Stored items from a collection:
-----

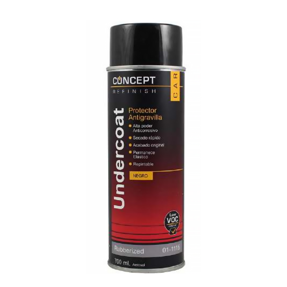 Protector antigravilla y anticorrosivo, para reconstruir y proteger bajos de vehículos, pasos de ruedas, largueros de chasis, faldones, paneles delanteros... Proporcionando un recubrimiento anticorrosivo y elástico, que evita daños por impacto de gravilla o piedras, y resistente a la acción del agua, agua salada, sales, aceites o ácidos.
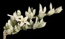 Silky wilsonia is a low-growing mat forming species, growing to 10 cm tall. The plant is covered with short, white hairs imparting a silvery appearance. The small, crowded leaves are concave and overlapping and are 1.5 to 4 mm long and 2 to 3 mm long.[3] White flowers appear between September and December in the species' native range.[4] These are followed by capsular fruits which are 3 mm long.[3]
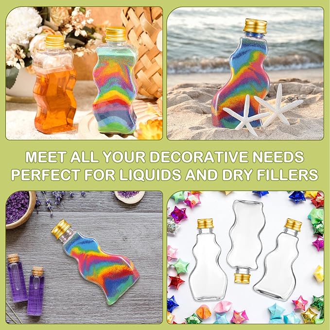 - Multiple Applications: sand art sand bottles can not only be applied as sand art bottles, but also crafts bottles, allowing you to fill them with acrylic rocks, sand, gems, dried flower petals, ribbons, candies, jewelry, small notes and so on
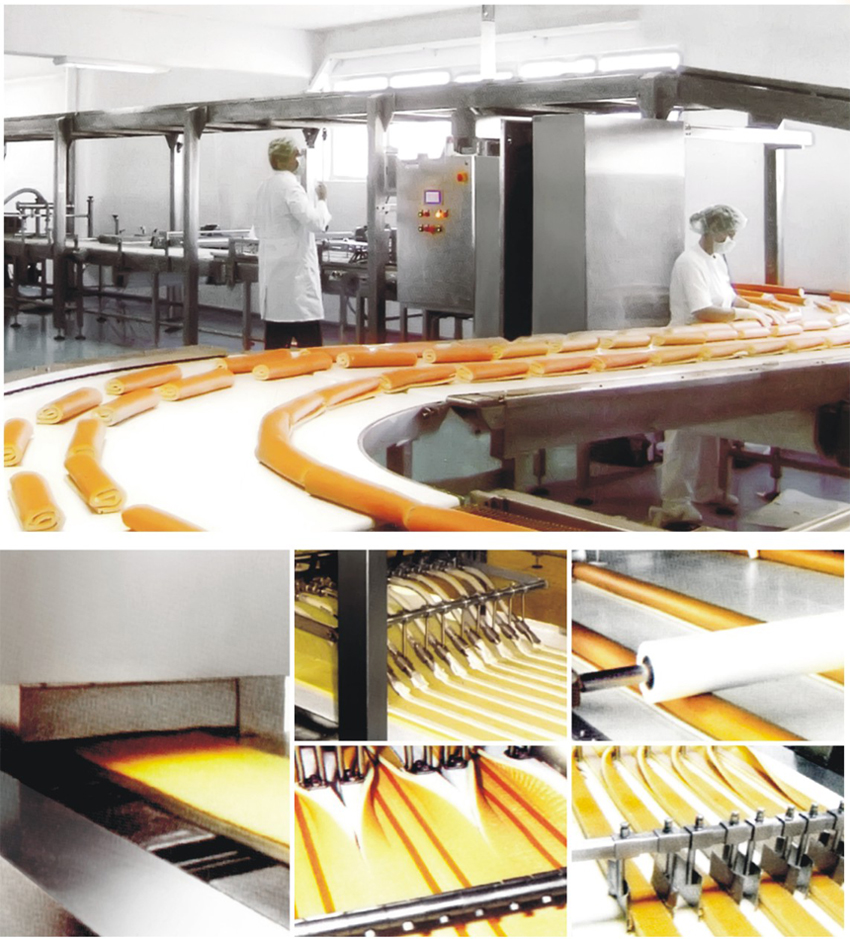 主要功能及用途 該設備是我公司開發(fā)的新一代蛋糕生產流水線,從攪拌成形、擠料、烘烤、擠餡、卷圓、切割、冷卻殺菌、包裝。該機全部采用變頻、光、電、氣全電腦控制,使操作省事、省力,食品既衛(wèi)生保質期又長,可選擇不同類型的隧道爐(如電力、燃油、燃氣、導熱油)。
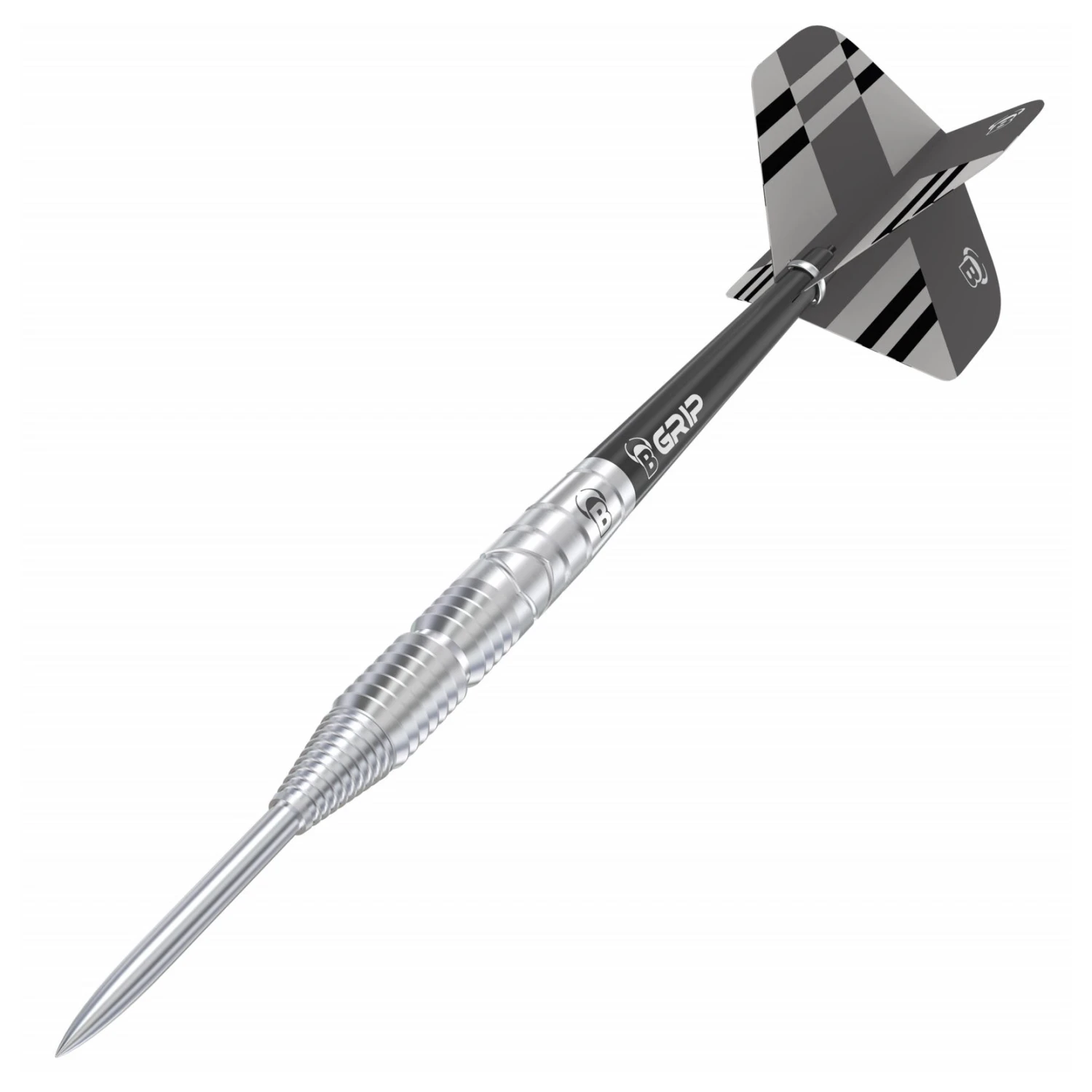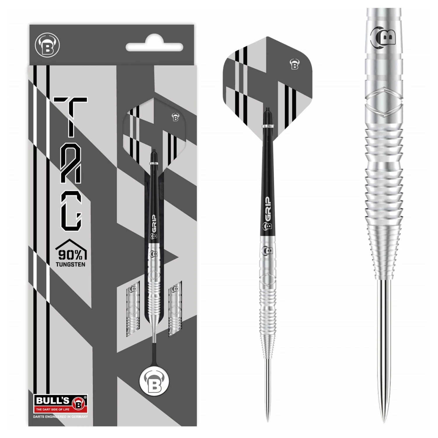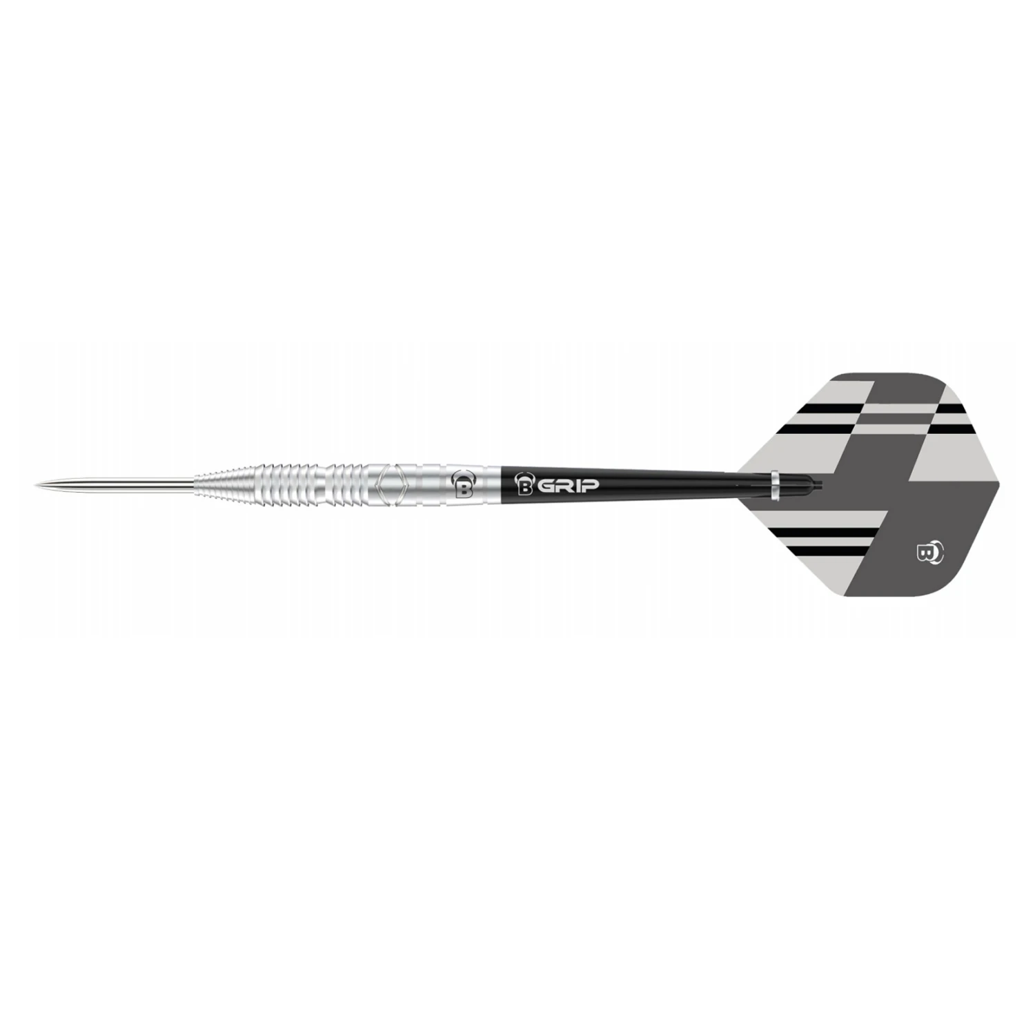 The TAC series is characterized by its striking barrel shapes, offering a wide range of gripping options. A defining feature of all barrels in the series is the slim taper towards the tip. The T3 features a torpedo shape with multiple grip zones distributed across the barrel. A small recessed grip area in the center provides extra hold. Made from 90% tungsten, the T3 is available in 21g, 23g, and 25g weights, offering dart players maximum precision and control.
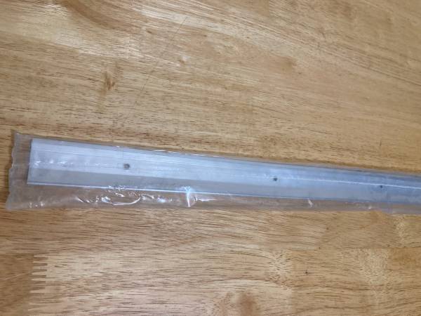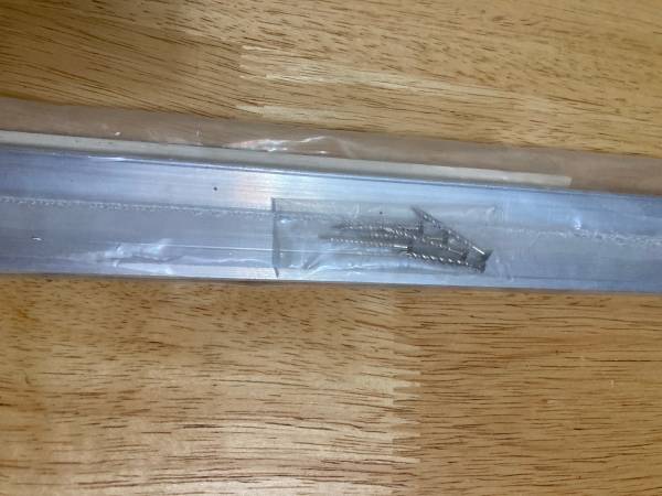 Aluminum carpet trim for use in doorways, room entryways or other locations where two unequal height flooring surfaces meet, includes screw nails and pre-drilled holes for easy installation in original package.
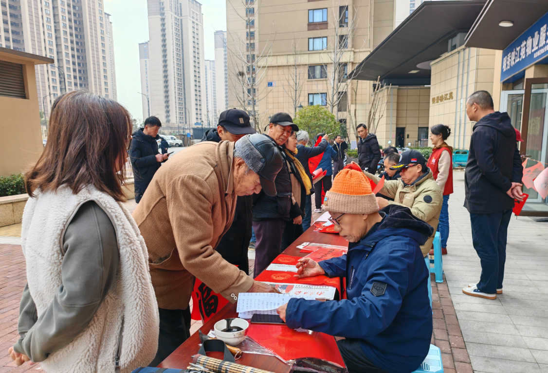 为传承中华优秀传统文化,营造喜庆祥和、文明温馨的节日氛围,增强社区凝聚力与居民幸福感,2月5日下午,栖霞区阅山社区联合栖霞街道文化站,在明秀映江苑南门外东侧小广场精心组织开展了“悦享笔墨迎新春,喜书联语送祝福”写春联福字主题活动。此次活动汇聚了社区网格员及妇联、残协、老体协等多方志愿者力量,邀请本地书法爱好者现场挥毫,为居民免费书写春联与“福”字,以笔墨寄情,以文化迎春。
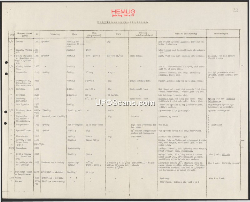 A secret Swedish military compilation of aerial sighting reports from August 1938. It documents multiple unidentified objects observed across various locations in Sweden.
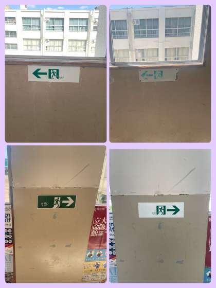 また、見えにくくなっていた避難口誘導標式も張り替えました。
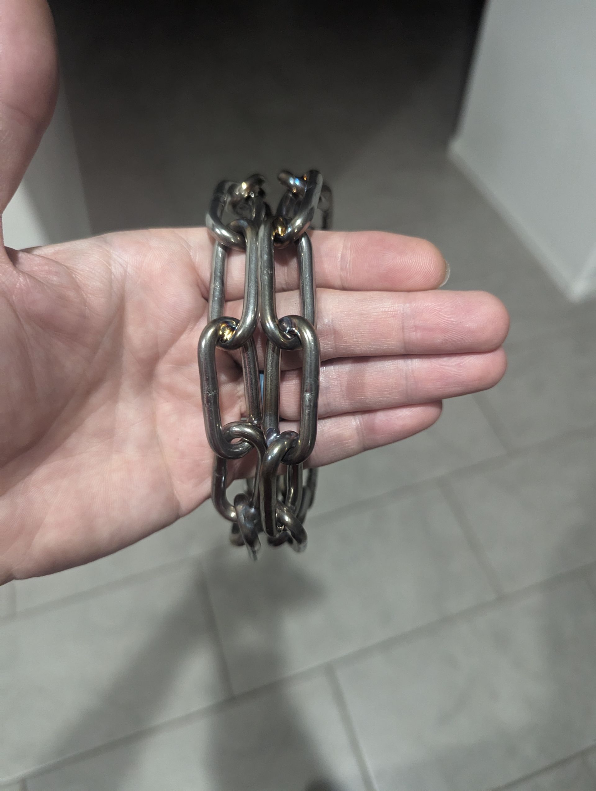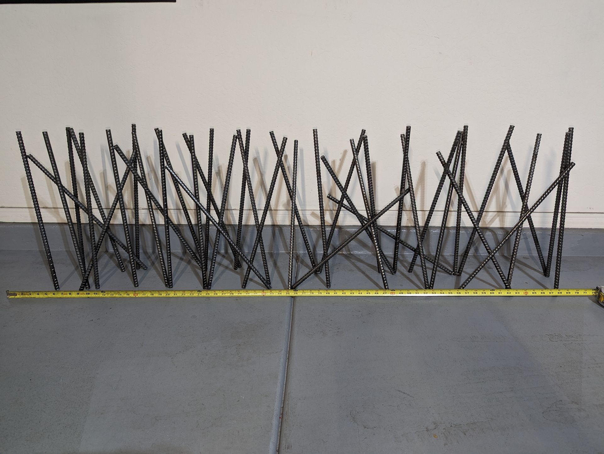 ButtonThick solid round stainless steel bars in a custom crown design for a remodel.
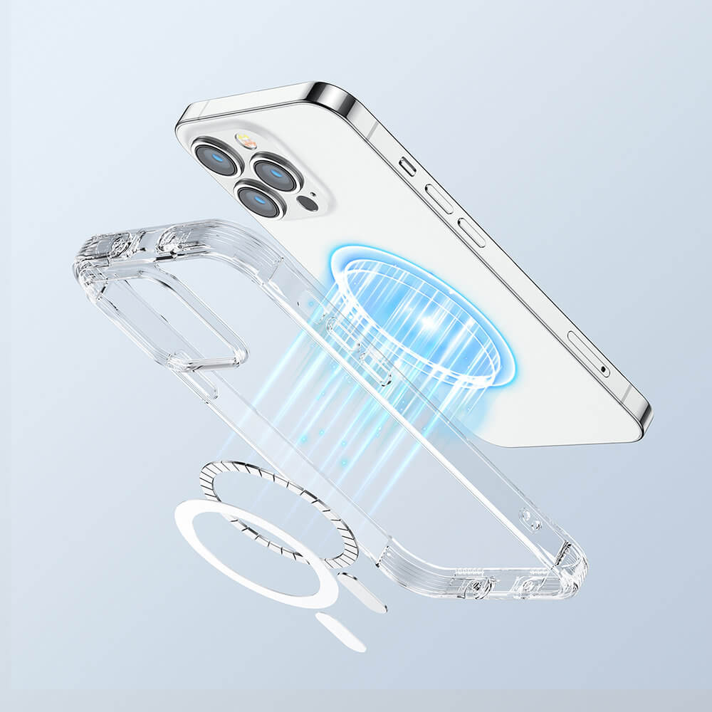 - MagSafe функционалност - кейсът е свграден магнит, благодарение на който е съвместим с всички MagSafe аксесоари.По този начин лесно с едно докосване свързвате безжично зарядно или друг MagSafe аксесоар

-----

TASK TO CARRY OUT ->
Leave out the images and repeat the rest of the data word for word.

SOLUTION BELOW ->
 Protector antigravilla y anticorrosivo, para reconstruir y proteger bajos de vehículos, pasos de ruedas, largueros de chasis, faldones, paneles delanteros... Proporcionando un recubrimiento anticorrosivo y elástico, que evita daños por impacto de gravilla o piedras, y resistente a la acción del agua, agua salada, sales, aceites o ácidos.
 Silky wilsonia is a low-growing mat forming species, growing to 10 cm tall. The plant is covered with short, white hairs imparting a silvery appearance. The small, crowded leaves are concave and overlapping and are 1.5 to 4 mm long and 2 to 3 mm long.[3] White flowers appear between September and December in the species' native range.[4] These are followed by capsular fruits which are 3 mm long.[3]
 - Multiple Applications: sand art sand bottles can not only be applied as sand art bottles, but also crafts bottles, allowing you to fill them with acrylic rocks, sand, gems, dried flower petals, ribbons, candies, jewelry, small notes and so on
 主要功能及用途 該設備是我公司開發(fā)的新一代蛋糕生產流水線,從攪拌成形、擠料、烘烤、擠餡、卷圓、切割、冷卻殺菌、包裝。該機全部采用變頻、光、電、氣全電腦控制,使操作省事、省力,食品既衛(wèi)生保質期又長,可選擇不同類型的隧道爐(如電力、燃油、燃氣、導熱油)。
 The TAC series is characterized by its striking barrel shapes, offering a wide range of gripping options. A defining feature of all barrels in the series is the slim taper towards the tip. The T3 features a torpedo shape with multiple grip zones distributed across the barrel. A small recessed grip area in the center provides extra hold. Made from 90% tungsten, the T3 is available in 21g, 23g, and 25g weights, offering dart players maximum precision and control.
 Aluminum carpet trim for use in doorways, room entryways or other locations where two unequal height flooring surfaces meet, includes screw nails and pre-drilled holes for easy installation in original package.
 为传承中华优秀传统文化,营造喜庆祥和、文明温馨的节日氛围,增强社区凝聚力与居民幸福感,2月5日下午,栖霞区阅山社区联合栖霞街道文化站,在明秀映江苑南门外东侧小广场精心组织开展了“悦享笔墨迎新春,喜书联语送祝福”写春联福字主题活动。此次活动汇聚了社区网格员及妇联、残协、老体协等多方志愿者力量,邀请本地书法爱好者现场挥毫,为居民免费书写春联与“福”字,以笔墨寄情,以文化迎春。
 A secret Swedish military compilation of aerial sighting reports from August 1938. It documents multiple unidentified objects observed across various locations in Sweden.
 また、見えにくくなっていた避難口誘導標式も張り替えました。
 ButtonThick solid round stainless steel bars in a custom crown design for a remodel.
 - MagSafe функционалност - кейсът е свграден магнит, благодарение на който е съвместим с всички MagSafe аксесоари.По този начин лесно с едно докосване свързвате безжично зарядно или друг MagSafe аксесоар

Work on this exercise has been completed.